Comparing Three Nested Watersheds¶
In this notebook we’ll examine three sites along the Gwynns Falls, in Maryland. ‘Falls’ in this case is a local word for ‘River’, like in the Jones Falls or Gunpowder Falls. It doesn’t refer to a waterfall!
Because the three sites are in a row on the same river, the upstream site has a watershed that is nested inside of the middle site, which is nested inside the downstream site, which has the largest watershed.
[1]:
import hydrofunctions as hf
%matplotlib inline
The three stream gauges are:
the farthest upstream is GWYNNS FALLS NEAR DELIGHT, MD, dv01589197
the middle of stream is GWYNNS FALLS AT VILLA NOVA, MD, dv01589300
the farthest downstream is GWYNNS FALLS AT WASHINGTON BLVD AT BALTIMORE, MD, dv01589352
[2]:
streamid = ['01589197', '01589300','01589352']
# request data for our two sites for a three-year period.
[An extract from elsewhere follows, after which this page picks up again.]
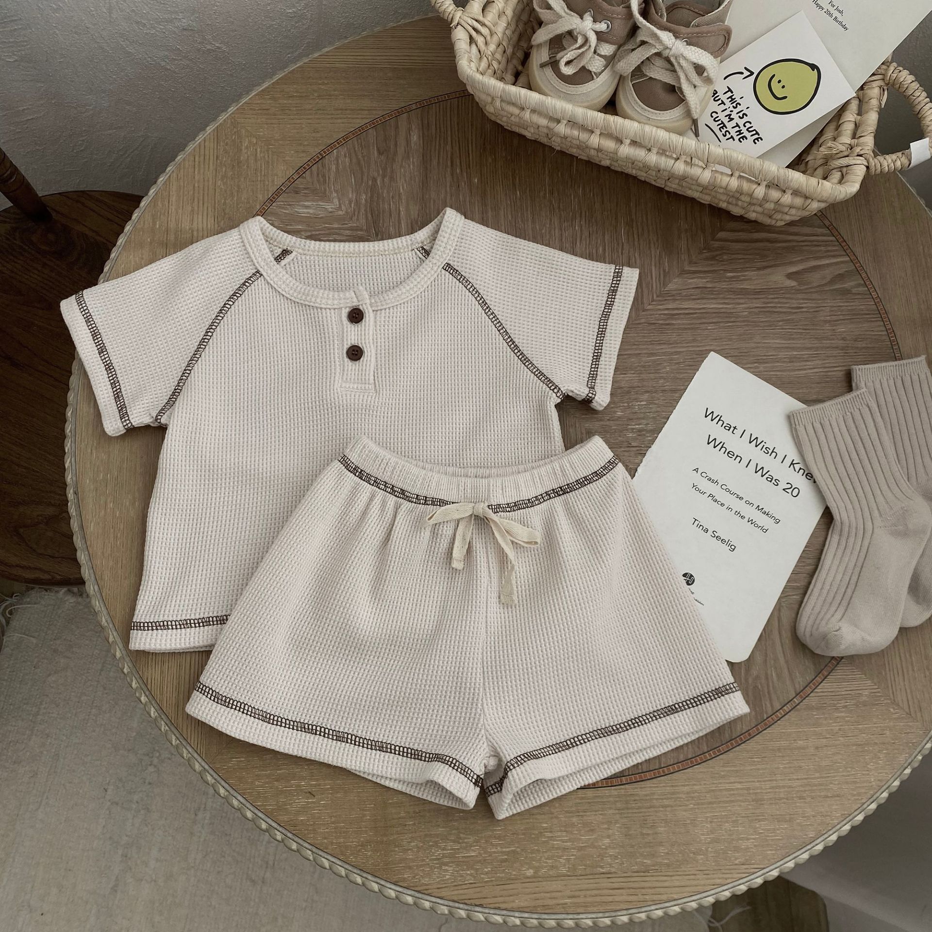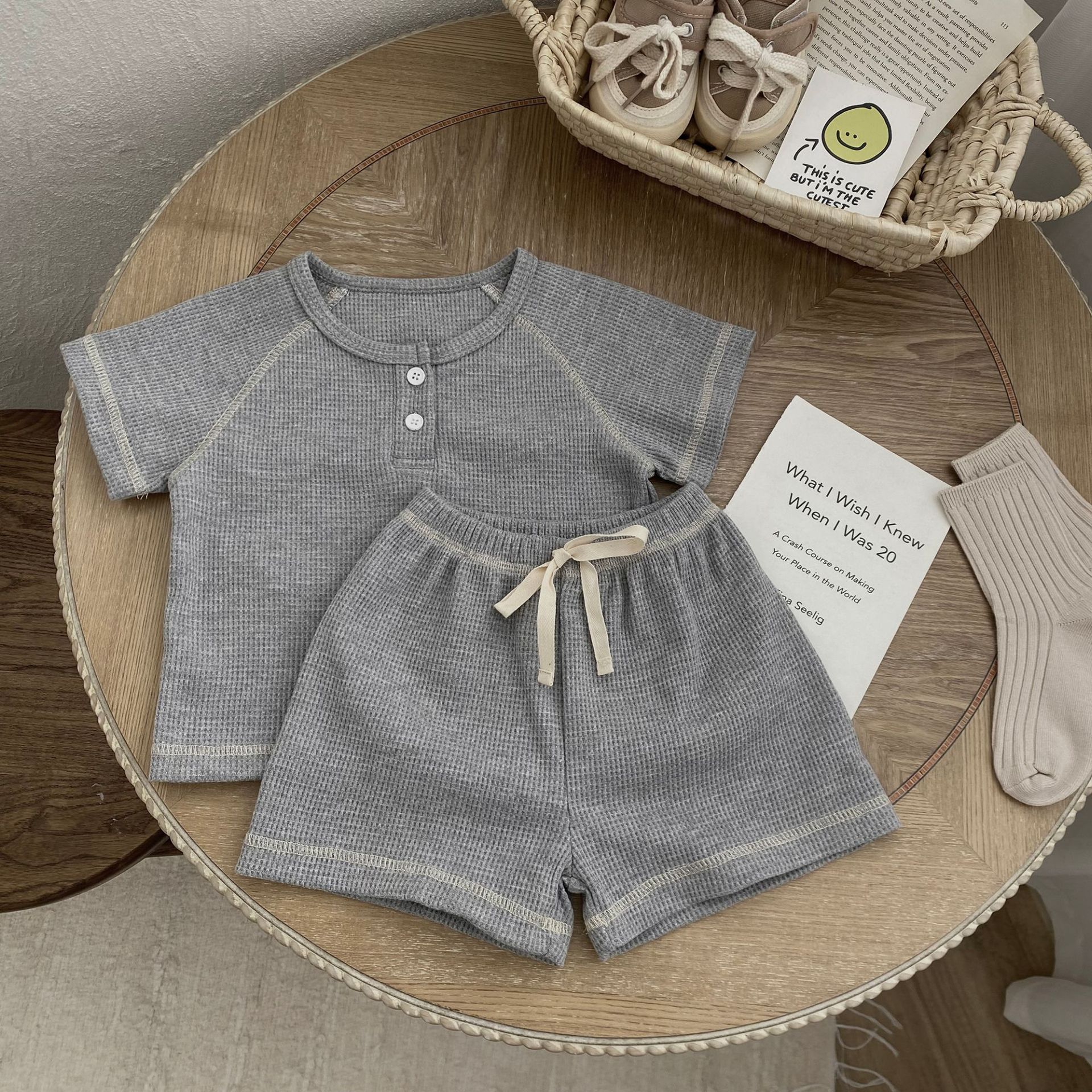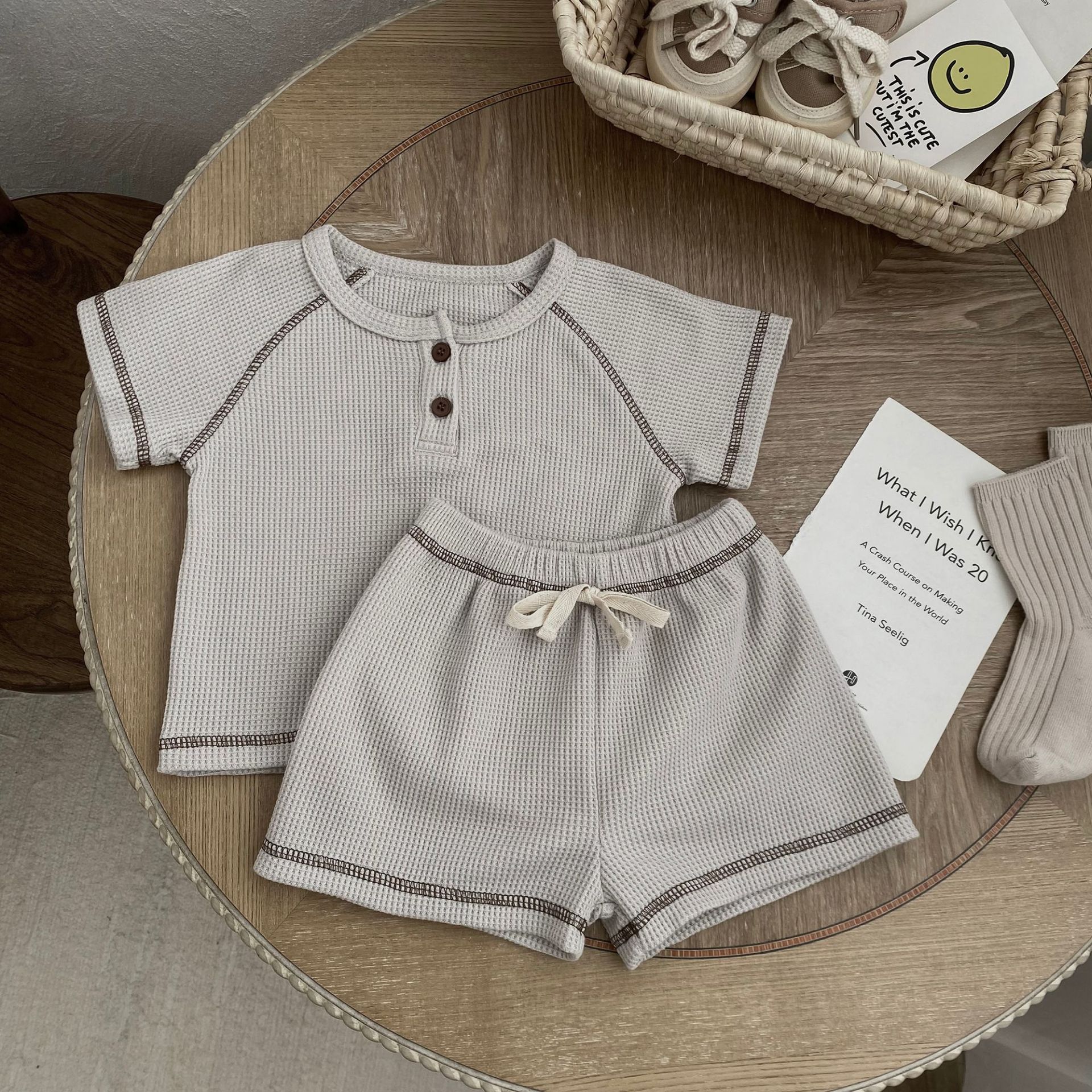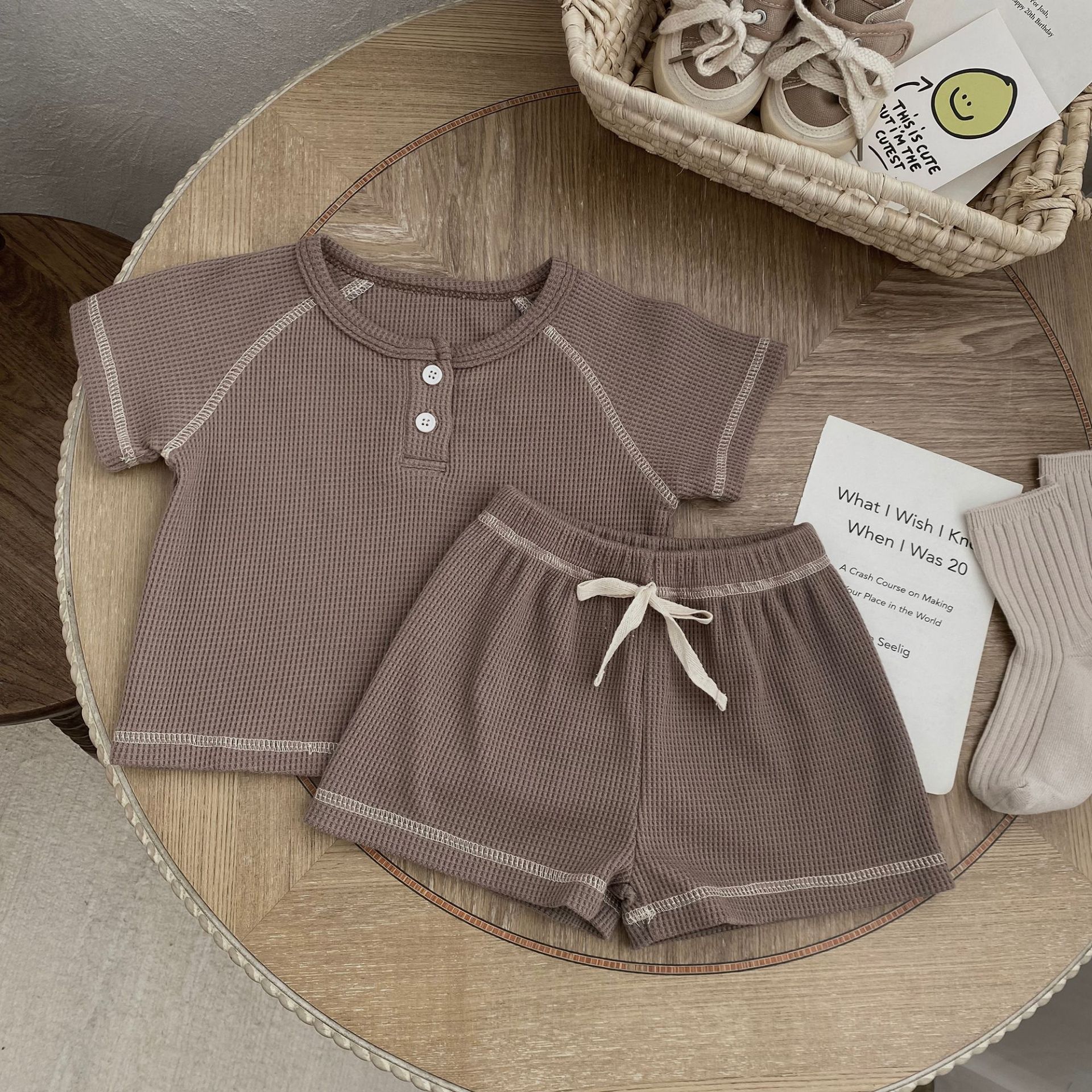 70105LS-Summer Korean waffle short-sleeved top + shorts two-piece set
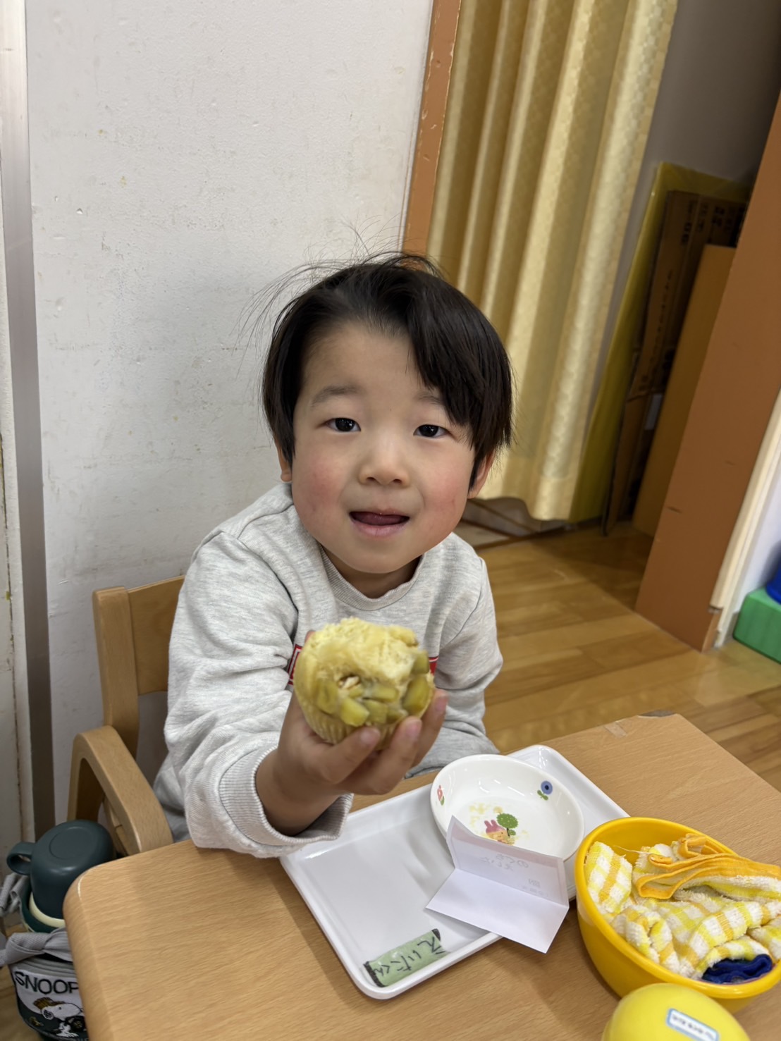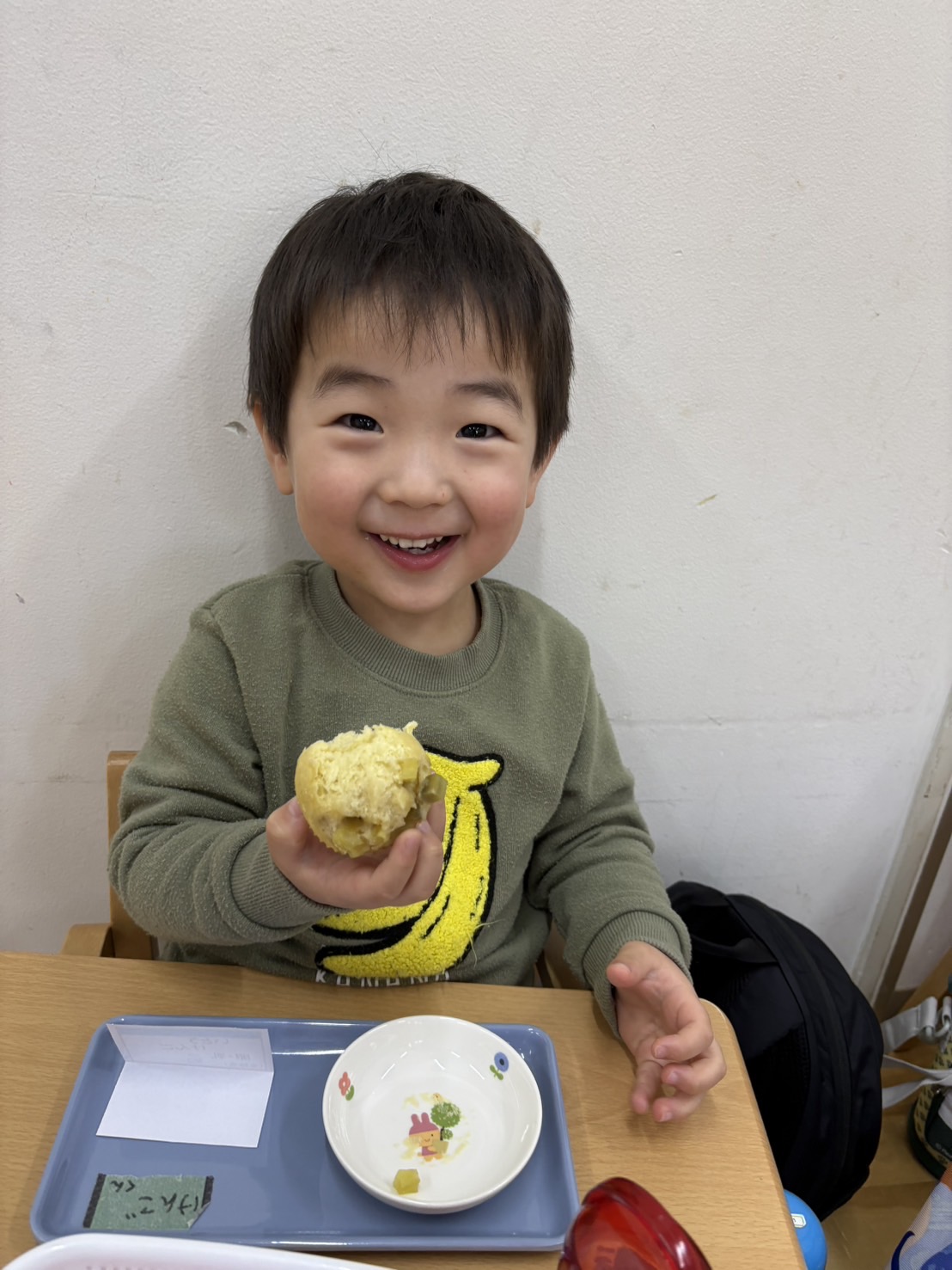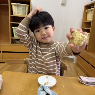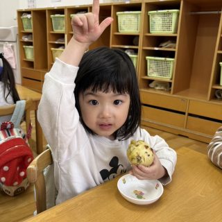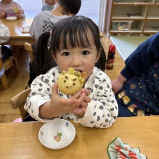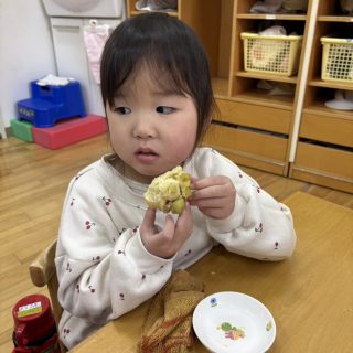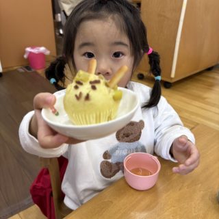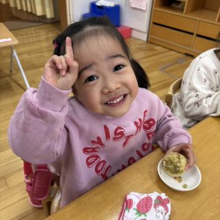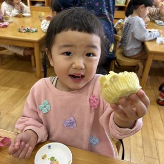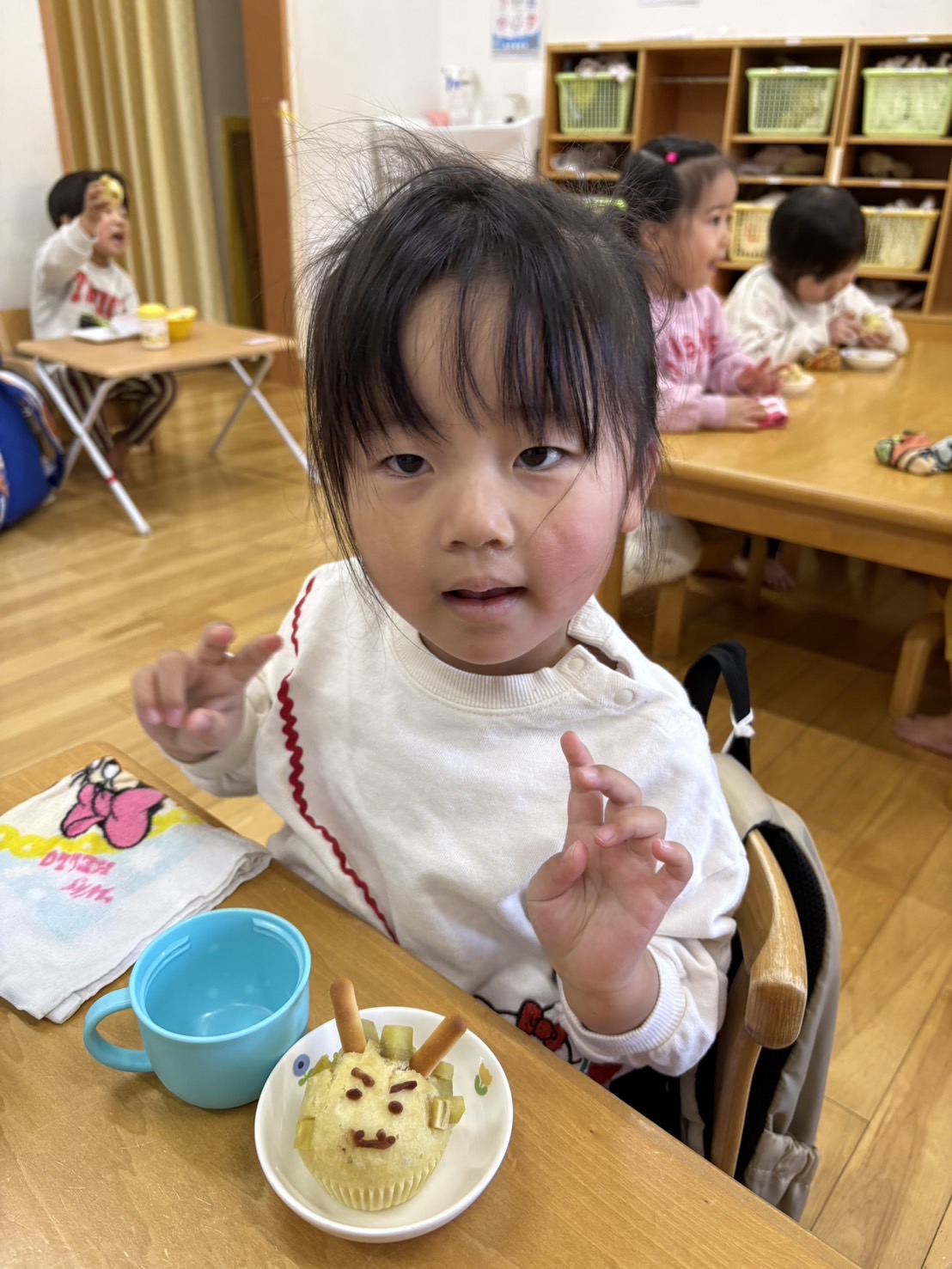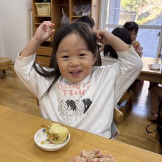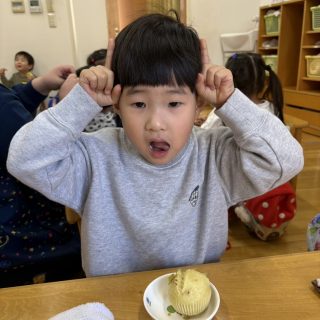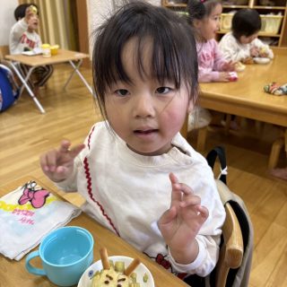 おやつを見ながら「おにだ~」「きょうおにきたね」などにこにこで食べていましたよ!

sites = hf.NWIS(streamid, 'dv', start_date='2001-01-01', end_date='2003-12-31')
sites
Requested data from https://waterservices.usgs.gov/nwis/dv/?format=json%2C1.1&sites=01589197%2C01589300%2C01589352&startDT=2001-01-01&endDT=2003-12-31
[2]:
USGS:01589197: GWYNNS FALLS NEAR DELIGHT, MD
00060: <Day> Discharge, cubic feet per second
USGS:01589300: GWYNNS FALLS AT VILLA NOVA, MD
00060: <Day> Discharge, cubic feet per second
USGS:01589352: GWYNNS FALLS AT WASHINGTON BLVD AT BALTIMORE, MD
00060: <Day> Discharge, cubic feet per second
Start: 2001-01-01 00:00:00+00:00
End: 2003-12-31 00:00:00+00:00
[3]:
#create a dataframe of the sites
Q = sites.df('discharge')
#rename the columns
Q.columns=['Upper', 'Middle', 'Lower']
#show the first few rows of the data
Q.head()
[3]:
Upper | Middle | Lower | |
---|---|---|---|
datetimeUTC | |||
2001-01-01 00:00:00+00:00 | 1.8 | 18.0 | 29.0 |
2001-01-02 00:00:00+00:00 | 1.8 | 17.0 | 28.0 |
2001-01-03 00:00:00+00:00 | 1.8 | 16.0 | 27.0 |
2001-01-04 00:00:00+00:00 | 1.8 | 17.0 | 31.0 |
2001-01-05 00:00:00+00:00 | 1.8 | 16.0 | 31.0 |
[4]:
#look at the descriptive statistics for each part of the stream.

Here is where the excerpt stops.